陈有福慢悠悠走过去,绕到那人面前,上下打量了一眼。二十来岁,长相普通,眼珠子滴溜溜转,看人的时候总是斜着瞟。
“同志,烟票给我看看。”陈有福伸出手。
那人犹豫了一下,递过去。
陈有福接过来翻了两下,这沓烟票里头,纸张的质地、印刷的油墨、边角的裁切,跟正常的票有细微差别。
再加上这人刚才看他的眼神,正常人见了公安哪有躲的?还是从南方刚来的,人生地不熟,哪来的底气跟售货员拍桌子叫板?

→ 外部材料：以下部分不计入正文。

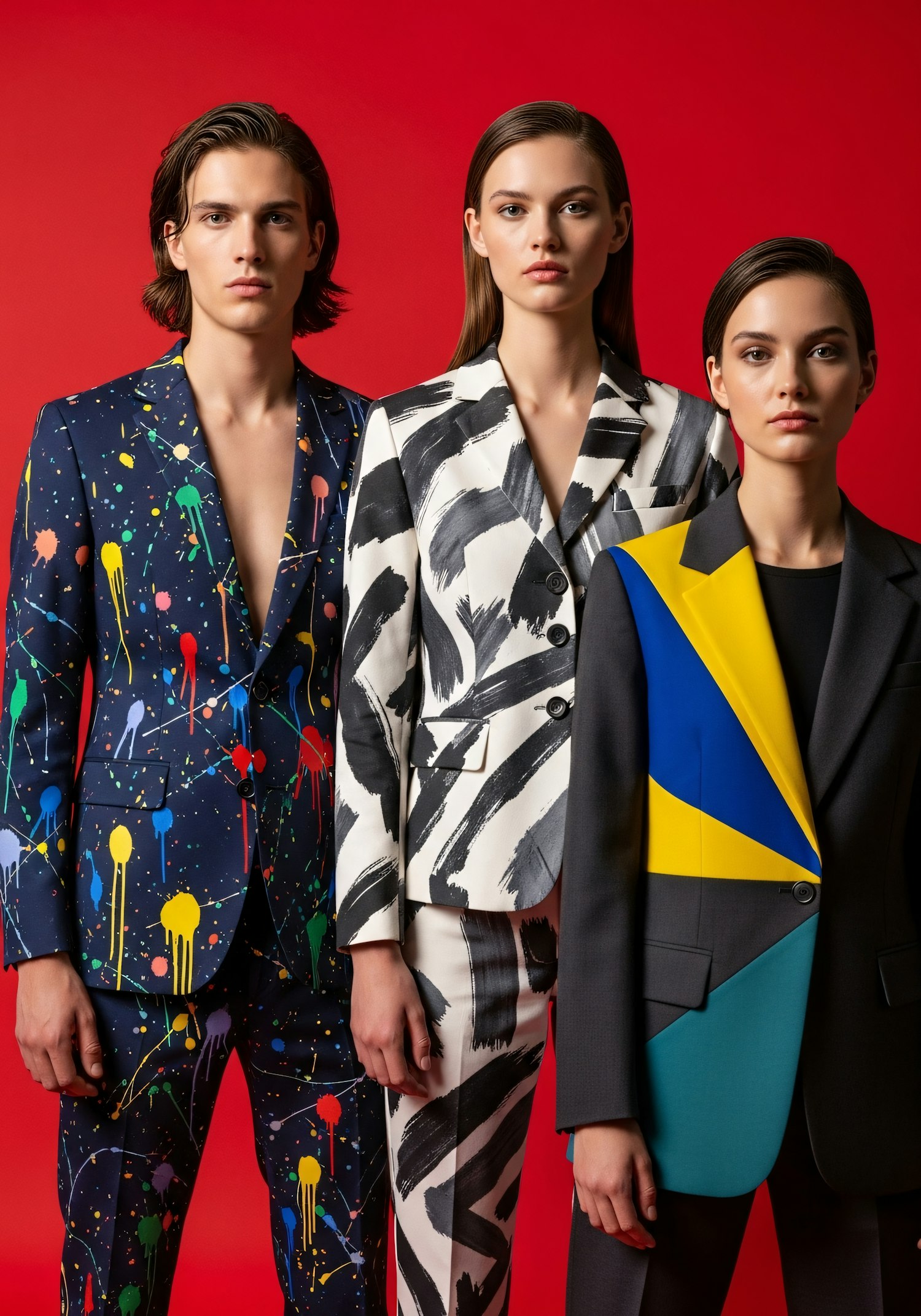 Three individuals in artistic suits with bold patterns and colors stand against a vibrant red background, showcasing modern fashion.

陈有福把烟票捏在手里,抬起头,看着那人的眼睛:“同志,你从福省来的?”
“对。”那人点头,声音低了三分。
“坐火车来的?”
“对。”
“票哪来的?”
那人的眼珠子又转了一下:“在……在车站附近票贩子买的。”
“哪个车站?”
“福省火车站。”
陈有福“哦”了一声,忽然话锋一转:“你这烟票,在福省用过没?”
那人愣了一下:“用……用过,买过一包。”
“在哪个供销社买的?”
“就……就我家门口那个。”
“叫啥名?”
那人的额头开始冒汗了,搓了搓手:“同志,你问这么多干啥?我就是个普通老百姓,来四九城办事的。”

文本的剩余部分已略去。